I suggest you either follow the manufacturer suggestion, or, simply run the engine out of fuel after each run. By doing it this way you shouldn't have to worry about a monthly schedule. 
Just my opinion.


----------



## speedy2019 (Jan 29, 2019)

Thanks guys for the replies. I dont run the engine dry after I have used it,, I did try that once and it coughed, jumped and spluttered so I havent done it since. I just turn off the fuel tap after turning the engine off and I treat the petrol with "briggs & stratton fuel fit". Also people mention about generators not putting out electricity if they dont get used?


----------



## iowagold (Jan 22, 2020)

I use staibile and double the dose.. it will stay viable for 10 years on e-0 fuel.
and yes running the carb dry is a good plan.
or switch to lp or natural gas.
now as far as the engine, you can pull the rope to move the valves to the seat closed or start of compression stroke on the generator is the best advise..
if you leave it on a valve open for over a year the spring could develop memory and break on the first run up 
we run in to this on barn find cars a lot..
and same on small engines as well.

if you have treated non ethanol fuel every 6 months is ok.

now that is on a good inverter generator...

with the standard gen set with avr... yea they can loose magnetism on the rotor...

the inverter units are reversed so the rotor is permanent magnets rotating on a fly wheel and the stator or fixed is the output coils.
kinda a cool bunch of kit as they say over there.
but the kicker is it costs 3 times more for an inverter unit. but in my book it is worth it!!
that peace of mind thing!!


----------



## Melson (Dec 8, 2019)

The 'no electricity output' you have heard might be referring to a loss of residual magnetism. Although that problem can and does happen, it's not typical. IMO it's not worth worrying about because the causes can be varied, even vague, and it is relatively uncommon.


----------



## iowagold (Jan 22, 2020)

true melson.
but it seams to happen more with the cheap gen sets


----------



## drmerdp (Apr 10, 2018)

I usually set my little honda inverters for long term storage after use. I have a mityvac which is a fantastic tool for storing power equipment at the end of a season. I suck the tank dry, drain the bowl using the drain screw, spray some engine-stor through the spark plug hole and pull it over a few times, reinstall the plug set to TDC, and shelf it.

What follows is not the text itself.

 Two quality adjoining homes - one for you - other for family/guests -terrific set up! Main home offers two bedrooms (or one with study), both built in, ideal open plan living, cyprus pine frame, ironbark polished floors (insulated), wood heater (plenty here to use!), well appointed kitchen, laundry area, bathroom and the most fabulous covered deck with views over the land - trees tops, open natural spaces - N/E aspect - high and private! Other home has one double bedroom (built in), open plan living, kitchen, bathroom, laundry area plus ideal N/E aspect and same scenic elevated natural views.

I ran my old champion once a month religiously for 30minutes with a small load religiously... I literally never kept gas in it though, it always ran on propane. I would make a fine load block adjustment and made sure it got hot enough to evaporate out any accumulated moisture in the crankcase.

It takes a very long time sitting for the alternator to lose its excitation and Correct me if I'm wrong, but I think only brushed alternators are affected...


----------



## Melson (Dec 8, 2019)

@drmerdp, because the loss of residual is varied and not consistent, at least in my experience, I wouldn't go so far to say it's endemic to slip rings and brushes. For sure, I had similar issues with at least one brushless type. Just don't ask me to give specifics; other than it was a tiny town along rt. 101 in NH I've long forgotten the rest of the fine details ..


----------



## RedOctobyr (Aug 8, 2018)

speedy2019 said:


> Thanks guys for the replies. *I dont run the engine dry after I have used it,, I did try that once and it coughed, jumped and spluttered so I havent done it since.* I just turn off the fuel tap after turning the engine off and I treat the petrol with "briggs & stratton fuel fit". Also people mention about generators not putting out electricity if they dont get used?

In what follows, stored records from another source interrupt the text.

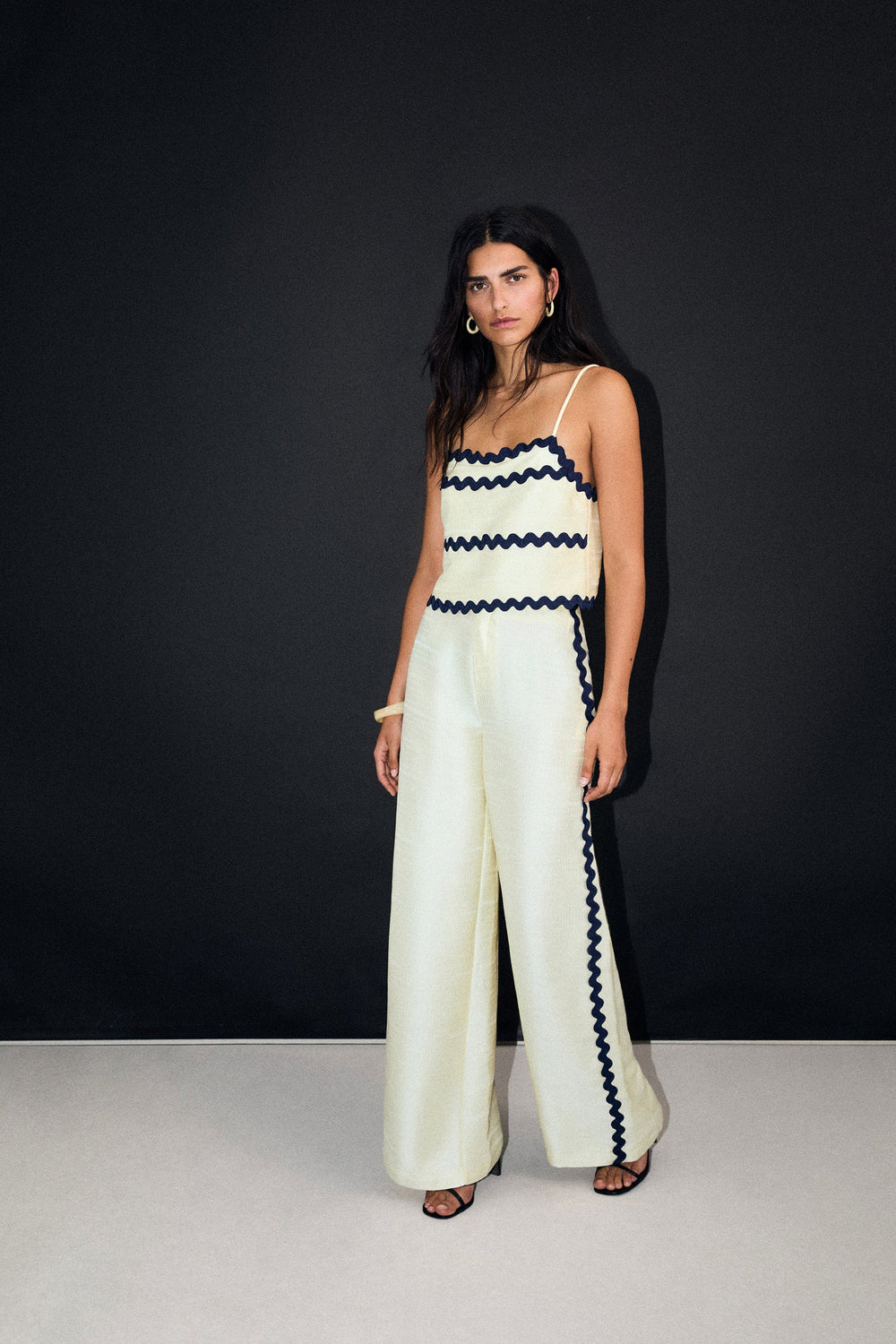 Pantalón full length de tiro alto ligeramente satinado. Motivo de ondas a contraste. Bolsillos traseros de parche. Cierre en frontal mediante corchete y cremallera.
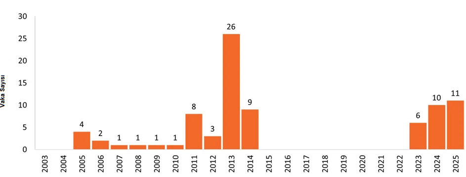 Şekil 1: 2003 - 1 Temmuz 2025 tarihleri arasında Kamboçya'da yıllara göre bildirilen Avian İnfluenza A (H5N1) vakalarının epidemiyolojik eğrisi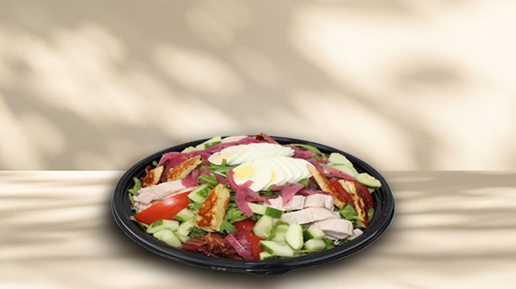 "Squared" Hard Boiled Egg, Turkey, Smoked Bacon, Seared Halloumi, Fresh Tomato, Cucumber, Pickled Red Onion, Baby Arugula with Citrus Vinaigrette. House Croutons.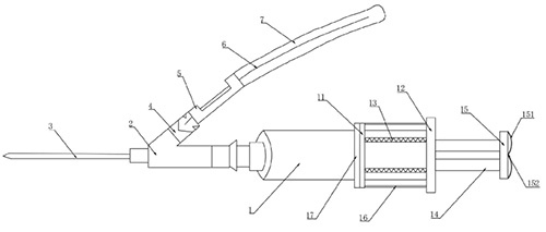 摘要: 本实用新型公开了一种深静脉Y型穿刺置管组件,包括穿刺针、Y型接头、导丝、导丝支架、注射器和导管,注射器包括注射管和注射杆,注射杆可来回运动的设置在注射管调节口一端,且注射杆端部设有固定连接且用于按压的按压板,注射管上设有凸缘,注射管上还设有可形变且用于用户在使用时手指插入限位支撑的第一支撑带,按压板上设有可形变且用于用户将注射杆向外拉动时对手指进行限位支撑的第二支撑带;接通过手指的运动,即可实现了注射杆的来回运动,实现注射器的抽吸和推送的功能,在使用的时候,不需要用户像传统的方式,需要改变手对注射器的握住姿势,去分别实现注射器的抽吸和推送,更加的方便。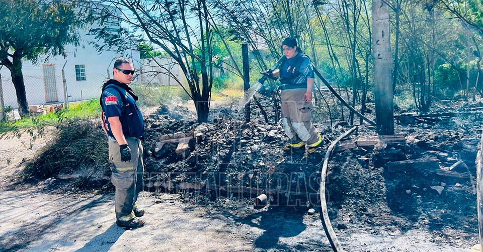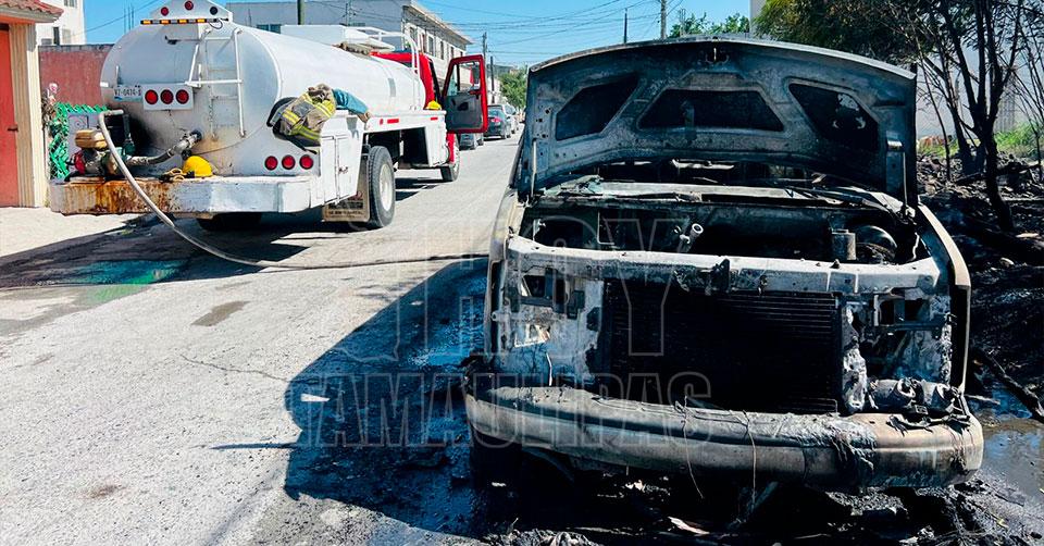 Elementos del Cuerpo de Bomberos a bordo de una pipa sofocaron las llamas que se estaban propagando hasta consumir en su totalidad la camioneta y el predio.

In my experience, there is no harm from closing the fuel shutoff, and running the carb dry. This is no different than a lawn mower, etc, running out of gas during use. The coughing and sputtering is unlikely to cause harm. Just don't have an electrical load on the generator while you do it. 

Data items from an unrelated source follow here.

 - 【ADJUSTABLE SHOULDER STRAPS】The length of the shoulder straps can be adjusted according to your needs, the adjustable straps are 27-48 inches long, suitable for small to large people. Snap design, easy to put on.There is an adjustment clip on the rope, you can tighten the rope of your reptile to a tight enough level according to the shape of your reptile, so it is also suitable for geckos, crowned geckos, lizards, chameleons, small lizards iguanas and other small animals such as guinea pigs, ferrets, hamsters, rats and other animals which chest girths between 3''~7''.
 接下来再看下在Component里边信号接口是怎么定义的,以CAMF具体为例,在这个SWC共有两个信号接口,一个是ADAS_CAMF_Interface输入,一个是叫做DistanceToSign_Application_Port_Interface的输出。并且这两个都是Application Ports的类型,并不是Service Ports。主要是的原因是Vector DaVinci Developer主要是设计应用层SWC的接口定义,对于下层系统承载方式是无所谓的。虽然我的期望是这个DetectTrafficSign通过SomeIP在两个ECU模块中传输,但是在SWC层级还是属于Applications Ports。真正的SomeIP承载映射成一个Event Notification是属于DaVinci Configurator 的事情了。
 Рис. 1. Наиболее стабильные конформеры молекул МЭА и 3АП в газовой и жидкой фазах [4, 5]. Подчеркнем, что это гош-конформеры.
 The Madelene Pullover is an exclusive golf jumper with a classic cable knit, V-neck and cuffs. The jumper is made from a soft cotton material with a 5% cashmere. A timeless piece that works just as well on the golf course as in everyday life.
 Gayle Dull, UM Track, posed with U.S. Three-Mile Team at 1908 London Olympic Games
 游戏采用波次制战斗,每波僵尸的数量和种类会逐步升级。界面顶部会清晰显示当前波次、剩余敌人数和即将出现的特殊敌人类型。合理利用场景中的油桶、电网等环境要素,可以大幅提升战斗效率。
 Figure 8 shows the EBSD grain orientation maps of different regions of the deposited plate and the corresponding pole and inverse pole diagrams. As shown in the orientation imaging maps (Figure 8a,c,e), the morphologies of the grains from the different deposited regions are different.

I would think you're more likely to have problems due to leaving gas in the carb bowl, by shutting the engine down without running the bowl dry. But use fuel stabilizer, at least.


----------



## tabora (Sep 6, 2018)

Since the 1980s, I have turned off the fuel valve on all my small engines and let them run out of fuel. The only time I have had an issue with an engine starting after storage, it turned out I had forgotten to do this simple step.


----------



## iowagold (Jan 22, 2020)

tabora said:


> Since the 1980s, I have turned off the fuel valve on all my small engines and let them run out of fuel. The only time I have had an issue with an engine starting after storage, it turned out I had forgotten to do this simple step.


lol
or forgot to turn back on the fuel GRIN!!
sorry i had to go there!!
tee hee hee!
yea running the bowl dry is a good thing.
or switch over to natural gas or liquid propane!


----------



## jkingrph (Sep 18, 2017)

tabora said:


> Since the 1980s, I have turned off the fuel valve on all my small engines and let them run out of fuel. The only time I have had an issue with an engine starting after storage, it turned out I had forgotten to do this simple step.


I have always made it a practice to shut the engines off on my generator and pressure washer by turning the fuel off.


----------